Tomato ketchup has been an inseparable part of our day-to-day meals. Can you imagine relishing those crispy fries or enjoying those crunchy pakoras, without a bowl of tomato ketchup? The answer is no, we are sure. But do you know that this sweet-sour sauce was first invented as medication and not as a condiment?
How ketchup evolved!
The history of ketchup is hard to pin down. However, food experts and scholars believe that its origin can be traced back to China wherein it was known as Ge-thcup or Koe-cheup, which was basically a fish sauce. This fermented sauce was made from fish innards and soybeans. Also, it was salty and had a pungent smell.
By 1736, the sauce had some more twists in the recipe. People started making it by boiling stale beer and some anchovies, which were fermented and later relished as a sauce. Then this recipe went through further changes when sailors took it to England. There, it went through several other experiments.
But the first known published tomato ketchup recipe appeared in 1812, written by scientist and horticulturalist, James Mease who is also credited with inventing tomato-based ketchup.

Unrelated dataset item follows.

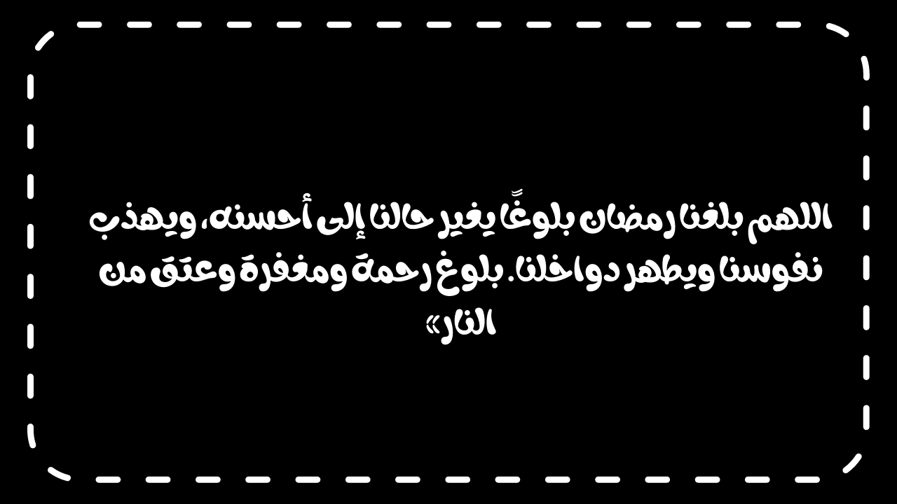 - أيضا «اللهم بلغنا رمضان بلوغًا يغير حالنا إلى أحسنه، ويهذب نفوسنا ويطهر دواخلنا. بلوغ رحمة ومغفرة وعتق من النار».

Ketchup was used as medicine
In the 1830s, tomato ketchup used to be sold as a medicine, claiming to cure ailments like diarrhoea, indigestion, and jaundice. The idea was first proposed by Dr. John Cook Bennett, an American physician, in 1834, who is said to sell the recipe later in form of 'tomato pills'.
The tomato pill craze
All of you know that tomatoes are a vegetable, right?. But, botanically speaking, they are fruits. However, tomatoes are treated as a vegetable in the culinary realm. In fact, they are the second most popular vegetable, after potatoes today, suggest some estimates. Now, let’s turn on the time machine and go back by some 200 years ago. Back then, tomatoes used to be found in a flower pot rather than on a dinner plate. Gardeners would grow ornamental tomatoes because they thought these looked interesting. But few thought to actually eat them.
However, once Dr. Bennet’s pills hit the market claiming medicinal properties of tomatoes, brigades of copycats began selling their own tomato-based pills initiating a tomato pill war.
Unfortunately, some of these copycats simply sold laxatives with no trace of tomatoes. They also made wild claims that their pills could cure everything from scurvy, a condition caused by vitamin C deficiency to brittle bones. Due to these false claims, the ketchup medicine empire collapsed in 1850.
A condiment, not a medicine
The end of tomato pills didn’t mean that the product as a whole went away, though. Decades later, in 1876, Henry Heinz, an American entrepreneur came up with today’s version of tomato ketchup by creating it with ripe tomatoes, distilled vinegar, brown sugar, salt, and a variety of spices. This recipe gained traction as a non-medicinal condiment and was first introduced as "catsup" in Pittsburgh, Pennsylvania.